Saturday, August 18, 2012
6 Month-ish recap
Well, I haven't written in this diet blog, or any of my blogs, recently despite typing up a few articles in a Word document. So here goes...
I have lost 60 lbs so far. Yay! OMG. Holy Moly! Amazing actually. I am way behind the curve compared to some others (whom I personally know) on this same diet plan. I have been on the plan for over a year now and sometimes I am a bit down on myself for not losing more, trying harder, sticking closer to the rules. Like with a friends wedding coming up...
I know me. I know that I will cheat, that I can't have just three tablespoons of creamer and no other fat for the day, or only two tablespoons of dressing a day as my fat. Do you know how small two tablespoons actually is on three cups of salad?!?!?!?! So I took what I wanted from this diet, tried to follow the rules, and was fine breaking the ones that revolved around spices and flavor. Technically I am a failure, a cheater, and a poor example for others interested, and a dishonor to those who really do dedicate themselves. But then again, I am still successful, healthier, and most importantly, sticking with the diet and a new lifestyle.
The reason I am not down on myself, despite the admissions, is because I still see results even with my laxity. Actually, and more to the point, I have found the happy medium where I am not gaining, at all, and am living healthier.
Sure I want the last 50lbs to hurry up and get gone. But I am still sticking with it. I weigh the protein so I don't over eat when I am not super physically active. I make we have a salad and another veggie, or two depending on the recipe. And I try not to make Crock Pot recipes, or any for that matter, that use condensed soups. Sure, once in a while we need to try something new. But then I have to work out even more! Let's face it, I am lazy. Why work out more when I don't have to?

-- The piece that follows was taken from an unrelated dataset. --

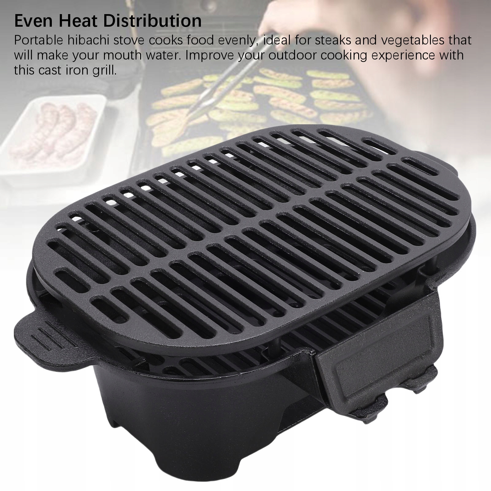 4. Даже распределение тепла: портативная плита Хибачи готовит пищу равномерно, идеально подходит для стейков и овощей, которые делают ваш рот. Улучшите свои впечатления от приготовления свежего воздуха благодаря этому чугунскому грилю.

Most of the time I skip the carbs, refined or otherwise, and do pretty good. I won't mention that I ate most of a bag of chips over the course of a few weeks. But I will say it wasn't in one sitting. I won't say I am dying for a quesadilla from one particular restuarant. But I will say I now refuse to go there because it is just too fried, too oily, despite all ingredients being extremely fresh. I just know myself. And with this diet I have practiced the will power to avoid.

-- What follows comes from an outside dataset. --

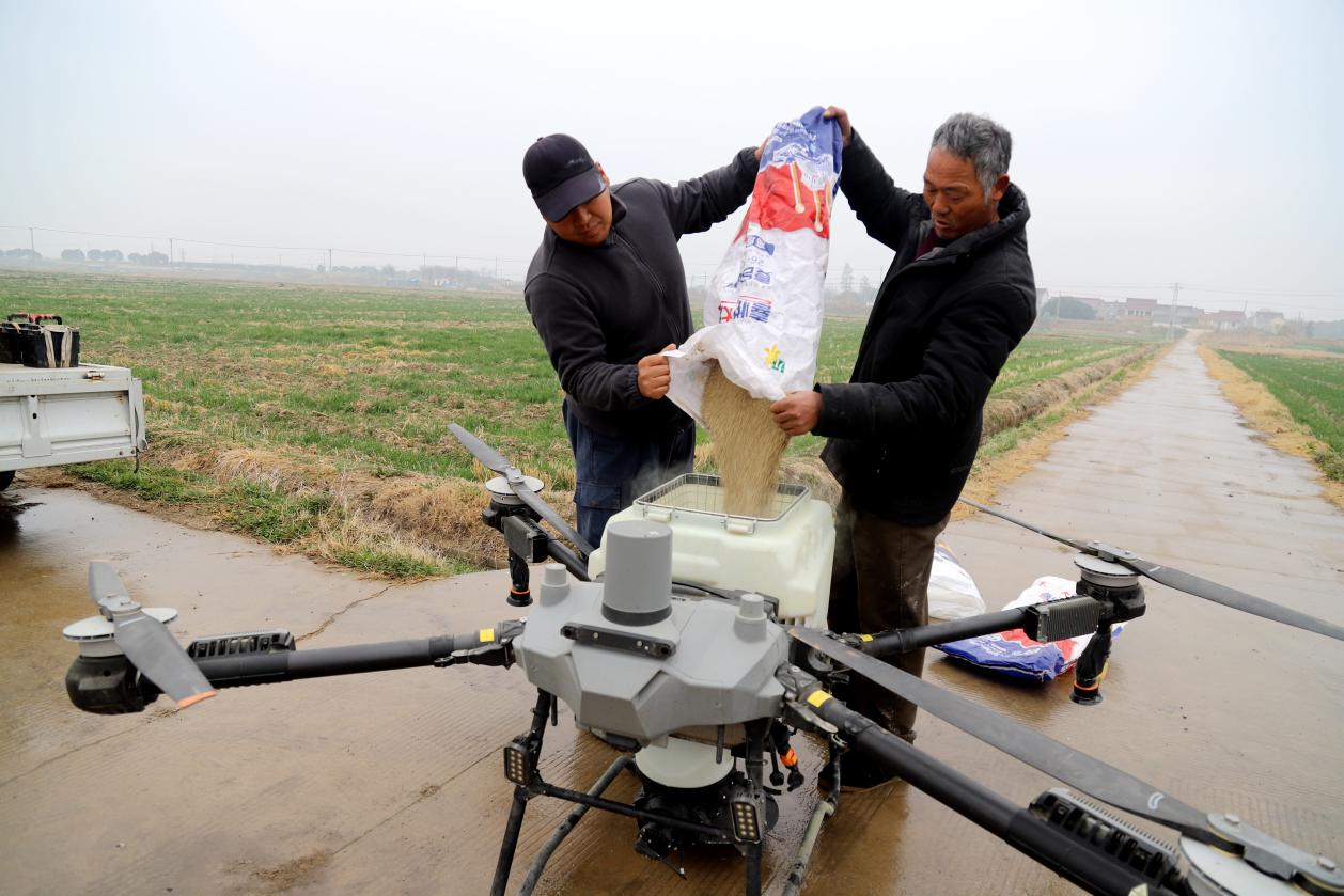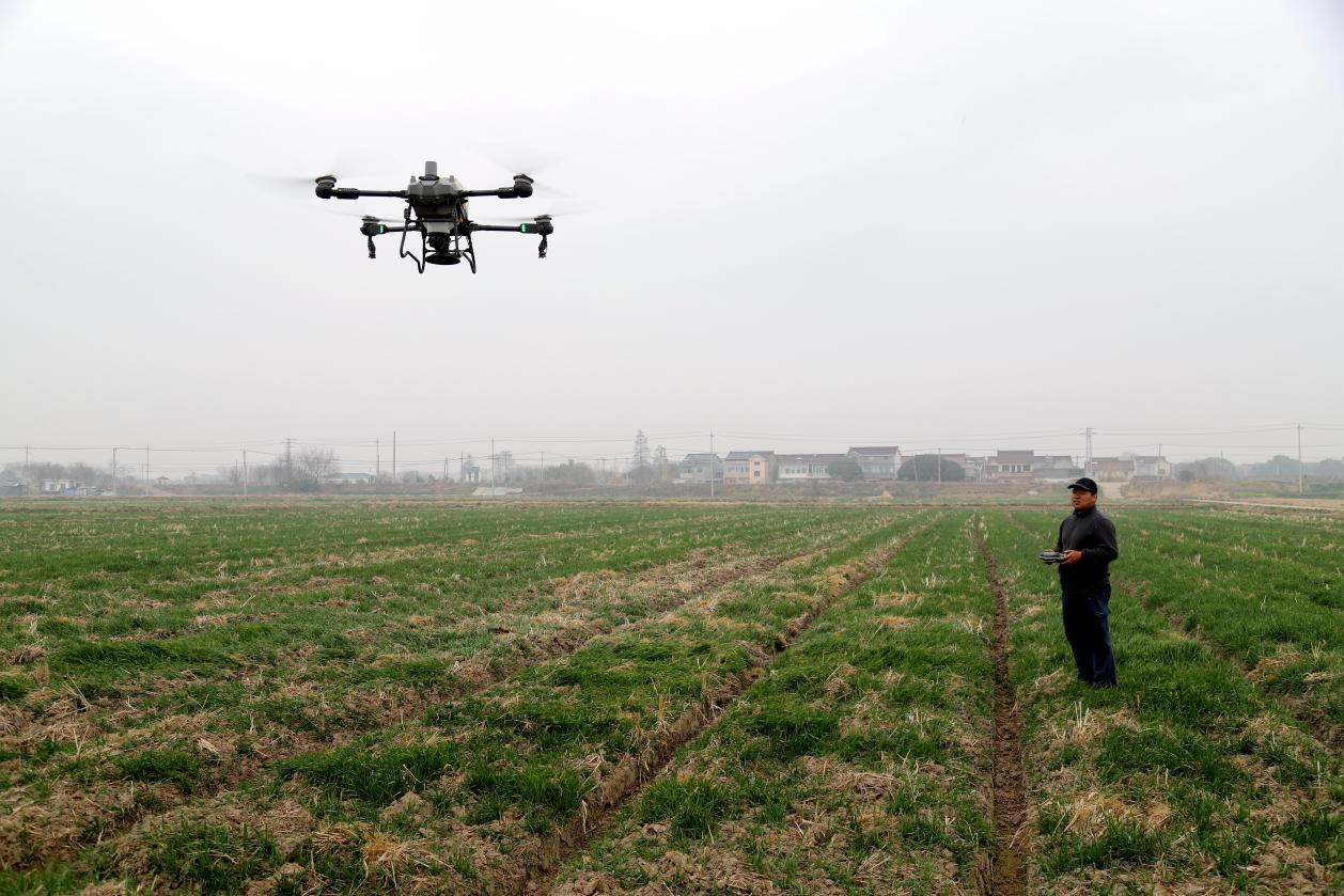 人勤春来早,春耕备耕忙。2月27日,在高淳区桠溪街道桠溪村金源农业农民专业合作社的麦田里,农机手正在利用植保无人机为小麦施肥,以科技力量助力春耕生产。

I still celebrate with food, cheaper than a pair of shoes, but I don't wallow in it when I get bad news. Or rejection after rejection for job applications. Or when the movers bring me ruined furniture, which brings me to my next point.
We moved across country and all I had were soups and drinks. Had I been thinking I would have ordered some bars and puffs for easier eating while driving. Needless to say we ate take out or restaurant food almost three meals day, if not more depending on the length of the day. We stopped to see family along the way, so real food and diet food flowed then. However, my point in this story is that I only gained 5 lbs. That's it. Two months of basically off plan eating but good choices in spite of it all. As soon as we got our furniture and the power turned on for the fridge to hold some food I lost those five and returned to my plateau. I joined the Y and did Zumba three days in a week and lost 2 pounds! That plateau is busted!
So the long and the short of it is I have succeeded in making the lifestyle change. Sure, I still want a beer now and then or yummy fried artichoke hearts. And I might have one someday. But the point is I decide what I want to have and then adjust the rest of the day or week accordingly, I don't just add it on. If I am bad today I have to try to stick to good for another 7 days. The number isn't important, its a gauge to keep me from saying, oh ok, why not?
I am so excited about Zumba and Yoga. All of the muscles hurt in my body, muscles I never knew were there. But I still know most of the dance moves and I am still pretty limber. Just takes practice.
So I think that about sums up the diet bit. The treadmil survived the move ok and I realized I need to get on it in the morning, my recent schedule, and if I don't my whole day is kind of off. A great and terrible realization. Off to buy more veggies.